All skills in the **implementation** phase family use this identical report. Present it in chat before logging progress.

```markdown
### Implementation Complete Report

**Implementation summary**
[2-4 sentences: what was delivered and how it matches the request.]

**Scope**
- In scope: [bullets or "As specified in task"]
- Out of scope / deferred: [bullets or "None"]

**Acceptance criteria mapping**
| AC / criterion | Evidence |
|----------------|----------|
| [AC-1 or description] | [file path, test name, or behavior] |

_Use `N/A — [reason]` if no formal AC list exists._

**Changes**
| Path | Purpose |
|------|---------|
| `path/to/file` | [one line] |

**Verification**
- [command] — [result: pass/fail/skip]
- _If not run, state why._

**Risks and follow-ups**
- [concrete items] or **None**

**Suggested next step**
[Handoff target agent name or human action.]
```

## Guardrails

- Adapt all SQL syntax to the detected database dialect.

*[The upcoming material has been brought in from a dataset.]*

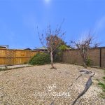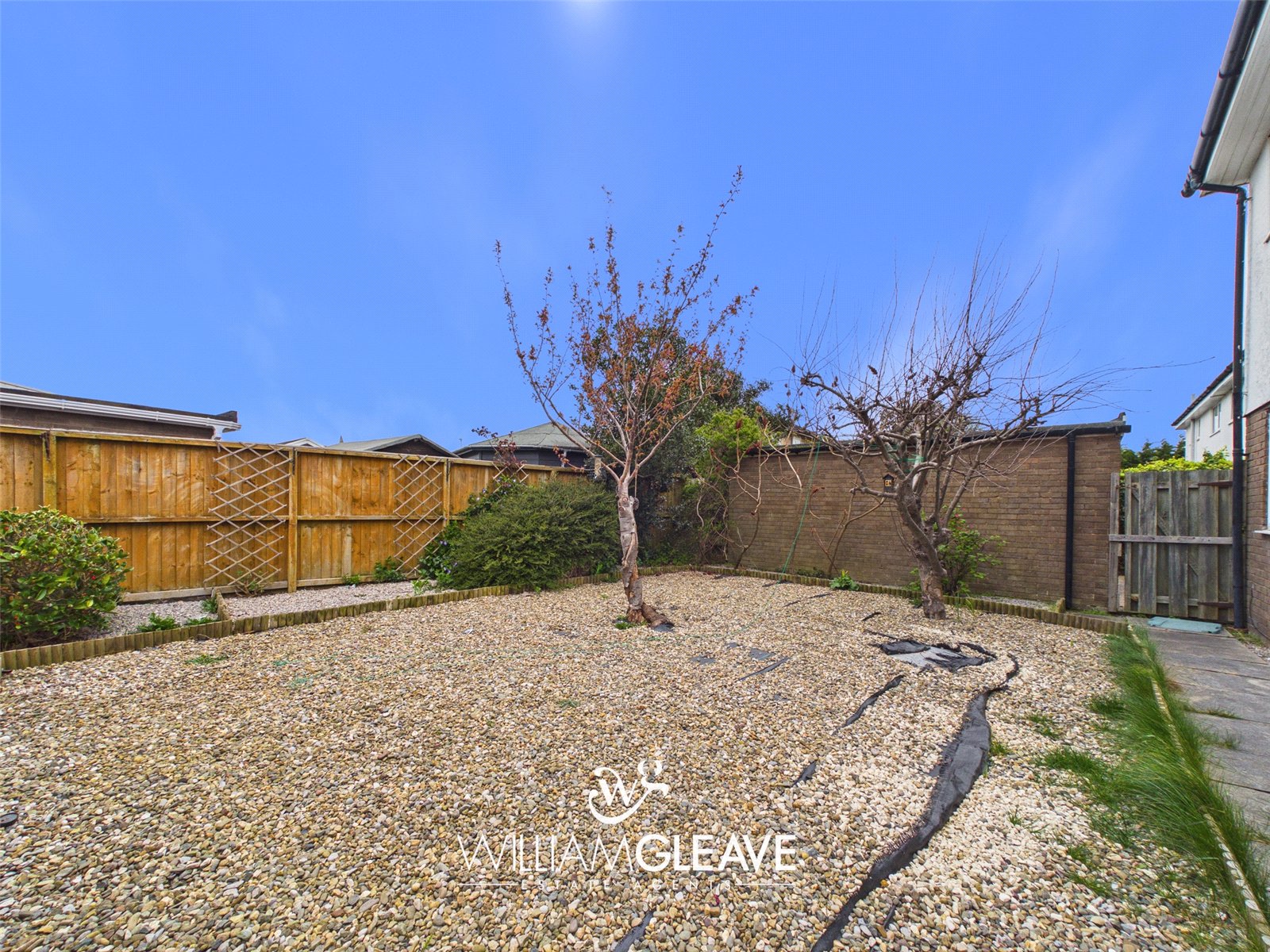 Externally, the property benefits from a driveway providing off-road parking and access to a single garage. To the rear, there is a low-maintenance yard enclosed by wood-panel fencing. The space features areas of golden gravel along with a selection of mature shrubs and trees, creating a pleasant outdoor setting.

Do not assume PostgreSQL when the project uses MySQL or SQL Server.
- Do not introduce schema changes unless explicitly requested — focus on queries and indexes.
- Do not speculate on missing schema; scan the project or ask for clarification.
- Use `data-graphql` when the task involves GraphQL schema or resolvers.
- Use `data-mongodb` when the task involves MongoDB queries or aggregation.
- Use `data-redis` when the task involves Redis caching or data structures.
- Use `impl-*` skills when the task requires full backend feature implementation beyond SQL.